$L$-Functions of Elliptic Curves Modulo Integers

TL;DR

This paper extends formulas for the reduction of elliptic curve L-functions modulo integers, enabling efficient computation of quadratic twists' L-functions and their root numbers, with applications to analytic rank determination.

Contribution

It generalizes existing formulas for L-functions modulo N, provides a new formula for L-functions modulo 2 of quadratic twists, and applies these to compute root numbers and degrees of L-functions.

Findings

Extended L-function modulo N formula to all quadratic twists with N coprime to p

Derived a formula for the quotient of L-functions modulo 2 for quadratic twists

Computed global root numbers and analytic ranks for families of quadratic twists

Abstract

In 1985, Schoof devised an algorithm to compute zeta functions of elliptic curves over finite fields by directly computing the numerators of these rational functions modulo sufficiently many primes (see \cite{schoof_1985}). If $E/K$ is an elliptic curve with nonconstant $j$-invariant defined over a function field $K$ of characteristic $p \geq 5$, we know that its $L$-function $L(T,E/K)$ is a polynomial in $\mathbb{Z}[T]$ (see \cite[p.11]{katz_2002}). Inspired by Schoof, we study the reduction of $L(T,E/K)$ modulo integers. We obtain three main results.
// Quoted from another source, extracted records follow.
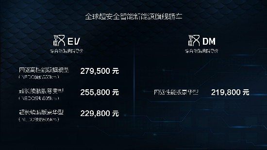 其中,漢EV超長續(xù)航版豪華型和漢EV超長續(xù)航版尊貴型NEDC綜合工況純電續(xù)駛里程為605公里;漢EV四驅(qū)高性能版旗艦型百公里加速3.9秒,是中國加速最快的量產(chǎn)新能源轎車;漢DM四驅(qū)性能版豪華型百公里加速4.7秒,是中國加速最快的插電混動轎車。
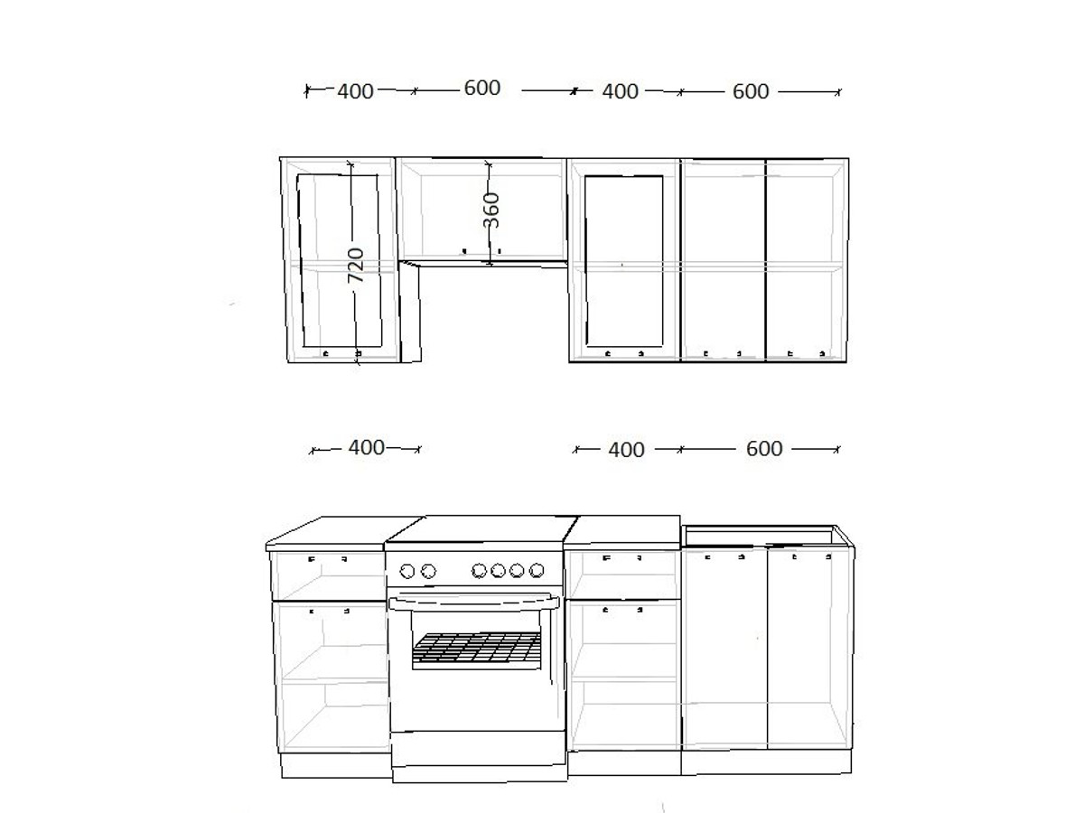 Кухонная мойка, стеновая панель, посудосушитель, планки для столешницы в комплект не входят.
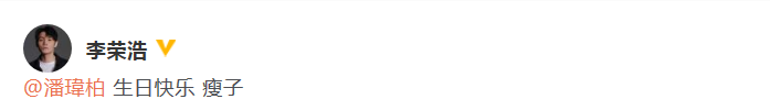 8月6日是潘玮柏40岁生日,李荣浩在微博为潘玮柏庆生,幽默调侃:“生日快乐,瘦子。”有粉丝评论:“你是啥子?”李荣浩机智回应:“男子。”
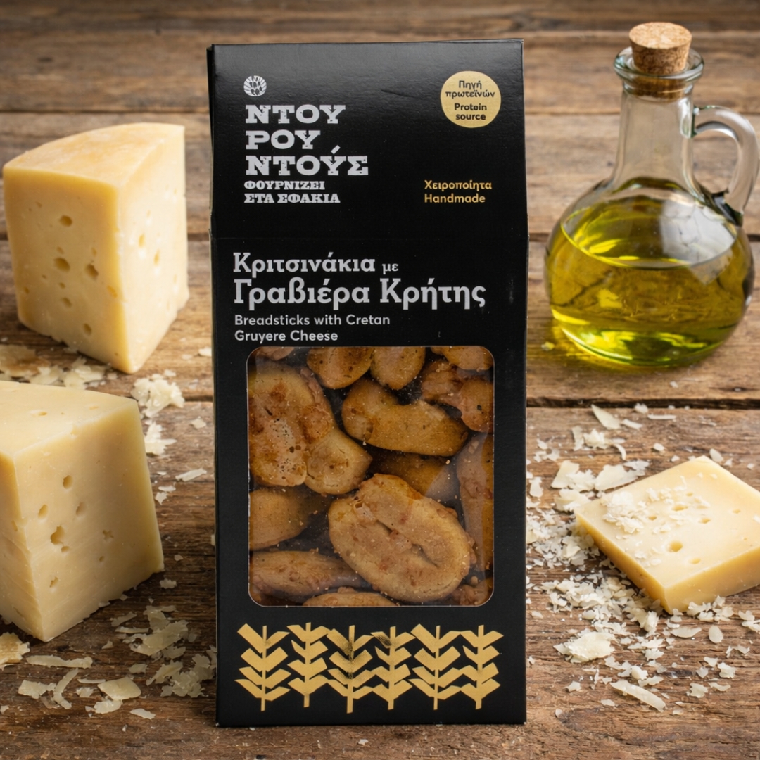 Κριτσινάκια με Γραβιέρα Κρήτης, πλούσια σε πρωτεΐνες από εκλεκτό αιγοπρόβειο γάλα. Περιέχουν αλεύρι, καλαμποκάλευρο, λευκό κρασί, αλάτι, ρίγανη, μαγιά και μαύρο σουσάμι.

Firstly, if $E/K$ has non-trivial $K$-rational $N$-torsion for some integer $N$ coprime with $p$, we extend a formula for $L(T,E/K) \bmod N$ due to Hall (see \cite[p.133, Theorem 4]{hall_2006}) to all quadratic twists $E_f/K$ with $f \in K^\times \smallsetminus K^{\times 2}$. Secondly, without any condition on the $2$-torsion subgroup of $E(K)$, we give a formula for the quotient modulo $2$ of $L$-functions of any two quadratic twists of $E/K$. Thirdly, we use these results to compute the global root numbers of an infinite family of quadratic twists of an elliptic curve and in most cases find the exact analytic rank of each of these twists. We also illustrate that in favourable situations our second main result allows one to compute much more efficiently $L(T,E_f/K) \bmod 2$ than an algorithm of Baig and Hall (see \cite{baig_hall_2012}). Finally, we use our formulas to compute directly some degree $2$ $L$-functions.